И если вдруг что, то знайте, что я всегда помогу.

– Ладно, спасибо тебе! – растрогался Идзуми.

Как раз в этот момент к их столику подошла девушка с ресепшен и пригласила на переговоры. С условленного времени прошло уже двадцать минут. Идзуми поднялся, протянув сам себе: «Ох, ну наконец-то!»

– Простите! – окликнул Нагаи.

Идзуми остановился и повернулся. Нагаи снял кепку и смотрел прямо на него. Не сразу, но он все-таки продолжил:

– Я все хотел вам сказать…

– Что сказать?

– С клипом MUSIC… Простите, пожалуйста, что доставил вам столько проблем… Я с самого начала понимал, что расходы не втиснутся в бюджет, думал: пусть меня потом даже вышвырнут из компании, но я все равно попробую осуществить задумку, – признался Нагаи и склонил голову. На столе остался кофе, к которому он почти не притронулся. – Просто мне казалось: если делать только то, что прикажут, не выходить за установленные рамки, то с таким человеком, как я, никто и никогда не станет считаться. Что я? Асоциальный, неорганизованный, даже мысль выразить словами правильно не умею.

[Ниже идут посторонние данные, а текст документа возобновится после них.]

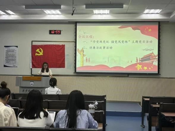 学生第一党支部于2024年5月23日晚19:00在教学楼A106举行了“学党规党纪,强党风党性”主题党日活动。此次活动由白诗勤同志担任主持,支部副书记李婵婵及支部全体党员共同参与,共同学习、交流,深化对党纪党规的理解与把握。
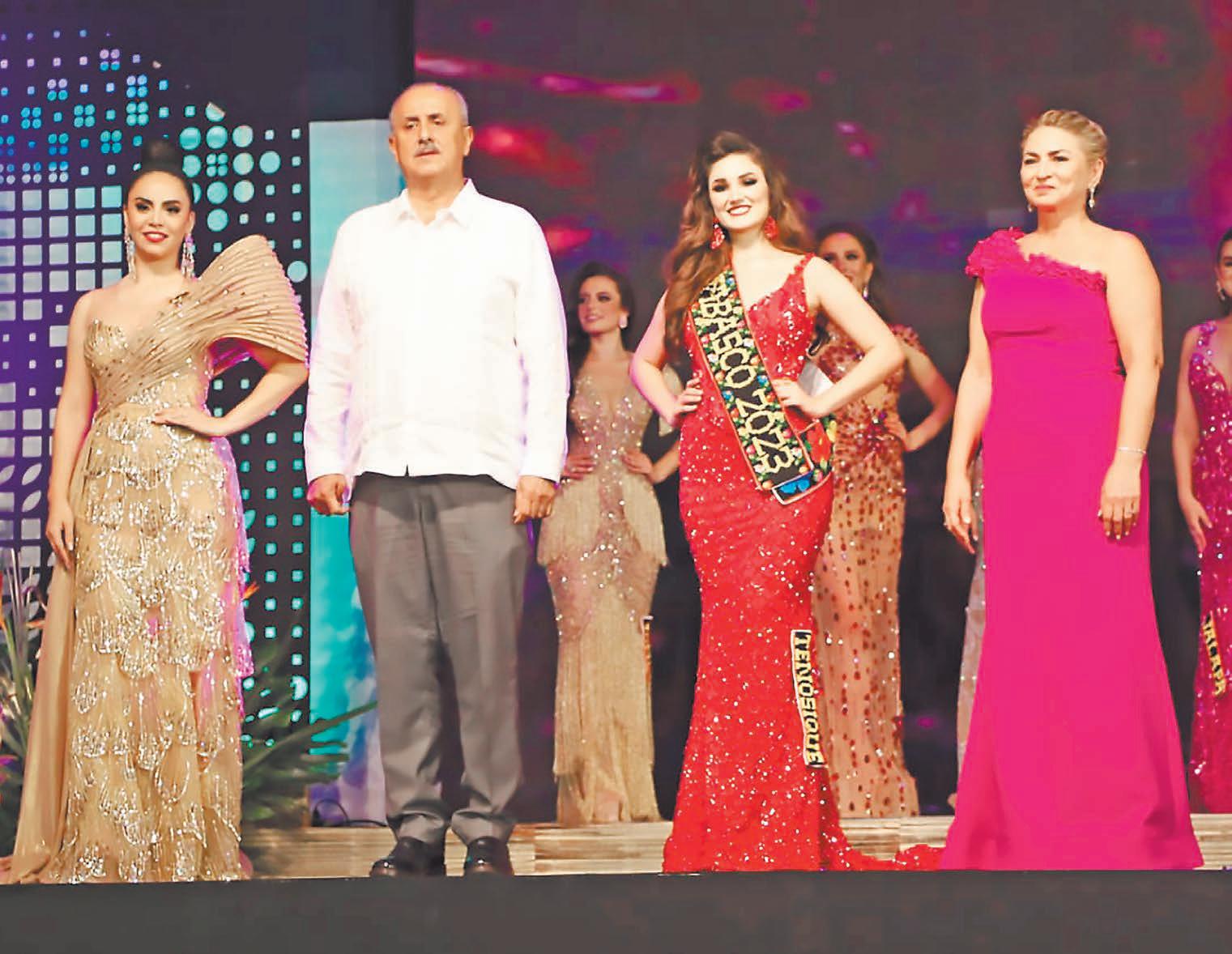 recorrido, luciendo los elegantes vestidos con el que engalanaron la noche. Los conductores Linney Meza y David Priego llamaron primero al escenario a la embajadora de Balancán, Fryda Sofía Jiménez Salvador, seguida por las aspirantes de Cárdenas Karen del Rocío García Martínez, Centla Monserrat Villa Fuster, Centro Paola Torpey Dueñas, Comalcalco Anarely García Fuentes, Cunduacán

Поэтому я подумал, что создать нечто грандиозное – это единственный для меня способ получить своего рода какое-то признание… Вот я и натворил дел…

Идзуми не мог найти, что сказать в ответ. Перед его застывшей в ступоре фигурой проплыли четыре сотрудницы, каждая из которых держала по стакану. За прозрачными стеклянными стенками виднелась яркая жидкость: верхний красный цвет градиентом переходил к оранжевому. Над этим закатным переливом на краю стакана держалась щедро отрезанная долька ананаса и аппетитно-красная вишенка. Идзуми узнал напиток: это был тот коктейль «Тропический всплеск».

– Я благодарен, что вы позволили мне воплотить мою идею. Обещаю, что больше не доставлю вам хлопот. И постараюсь помочь вам разгрузиться по работе хоть немного. Мне вот всегда казалось, что я успею еще побыть с бабушкой, постоянно было как-то не до того. Оглянуться не успел, а ее уже серьезно подкосила болезнь. Она меня даже узнавать перестала. И вот бабушки не стало, я ее, по сути, как человека так и не узнал – от одной этой мысли кошки на душе скребут. Прошу вас, не повторяйте моих ошибок: найдите время для того, чтобы быть с мамой.

10

Палящие лучи летнего солнца обдавали водную поверхность, прокладывая по глади сверкающую тропу.

– Только глянь, какой вид! – окликнул маму Идзуми и опустил оконное стекло.

Сразу повеяло запахом моря. Юрико умиротворенным взглядом осматривала пейзаж, открывавшийся сразу за окнами такси.

– Красота… – произнесла она, щуря глаза.

– Каждый раз при виде моря мне вспоминается та громадная рыбина, – Блаженная улыбка появилась на лице, с удовольствием погружающемся в потоки свежего бриза.

– Что за громадная рыбина? – Юрико перевела взгляд с морского пейзажа на сына.

– Ну, помнишь, самая первая рыба, которую я поймал! Я еще тогда в младшей школе учился.

– А-а, точно! Ты ж тогда таку-ую рыбу вытащил!

– Да-да! Надо ж было! Цепляю на удочку наживку, закидываю леску в море, а эта рыбища как сразу набросится, я как давай катушку накручивать изо всех сил! – рассказывал Идзуми, эмоционально изображая, как ему тогда пришлось справляться с катушкой.

– Да уж, махина была сантиметров тридцать! – подхватила Юрико, разведя руки и показывая примерный размер рыбы.

– Сколько я после этого ни ходил рыбачить, тот рекорд мне побить никак не удалось!

– Говорят же, новичкам везет, у тебя так во всем было.

Помнишь, ты когда впервые лотерейный билет купил, аж велосипед выиграл! А когда участвовал в своей первой школьной спартакиаде, ты же тогда в каких только состязаниях ни выбился вперед! Ой! Вот только, Идзуми, там же не море было!

– Что? Где?

– Ты ту рыбу огромную поймал не в море, а в озере, – уточнила Юрико, глядя прямо Идзуми в глаза.